Although we know nothing about his schooling, he must have had a thorough education, as we would later find that he could read the works of ancient mathematicians in their original language. He must have also been a good student, entering Humboldt University with astronomy, mathematics and physics in 1915.

In those days, professors at Humboldt University conducted the beginners’ classes themselves. This way, they could pick out the gifted students at the very beginning and direct their career accordingly.

Although Siegel entered the Humboldt University with the intention of studying astronomy, he was soon picked up by theoretical physicist Max Karl Ernst Ludwig Planck and mathematician Ferdinand Georg Frobenius. Very soon, under the influence of Frobenius, Siegel gave up astronomy, becoming more interested in number theory.

In 1917, as the First World War progressed, Siegel was conscripted in the army. An antimilitarist, he could not adjust to the army life. For some time, he was also committed to a psychiatric institute; but nothing could change him. Ultimately, he was discharged from the army.

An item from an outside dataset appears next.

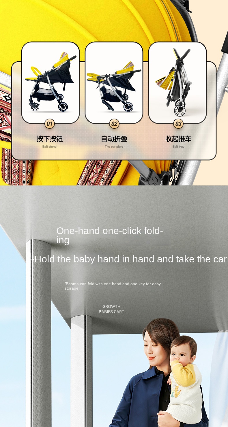Baby Stroller 3-in-1 Fashion Four Seasons Universal Four Wheel Shock Absorber Umbrella Bi-directional Folding Baby Stroller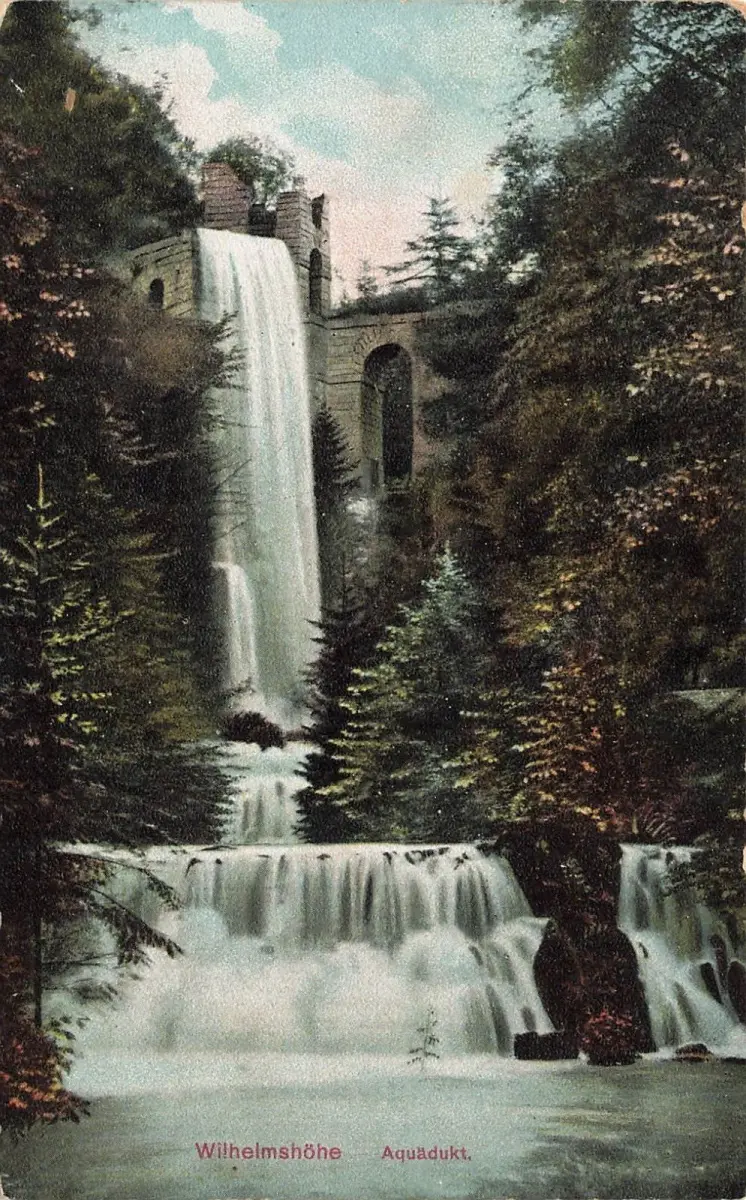 Blick auf Aquädukt mit Wasserfall Wilhelmshöhe Kassel Hessen Postkarte AK 1910

During his time at the psychiatric institute, Siegel came in contact with Edmund Georg Hermann Landau, a professor of University of Göttingen, working in the fields of number theory and complex analysis. Siegel had later said that he could withstand his experience at the institute only because of Landau.

After being discharged, Siegel did not return to Humboldt University. In 1919, he joined Georg-August University of Göttingen as teaching and research assistant under Edmund Landau. Working under Landau’s guidance, he wrote his dissertation on Diophantine approximations.

In 1920, he received his doctoral degree. His dissertation was considered “a landmark in the history of Diophantine approximations”. Thereafter, he remained with the University of Göttingen, working on various topics, also publishing many groundbreaking papers.

Carl Ludwig Siegel’s work on Roth’s theorem, undertaken in 1921, is one of his major achievements of this period. It established him as an eminent mathematician. Therefore, when in 1922, Arthur Moritz Schönflies, retired from his post at Johann Wolfgang Goethe-Universität of Frankfurt am Main, Siegel was invited to succeed him.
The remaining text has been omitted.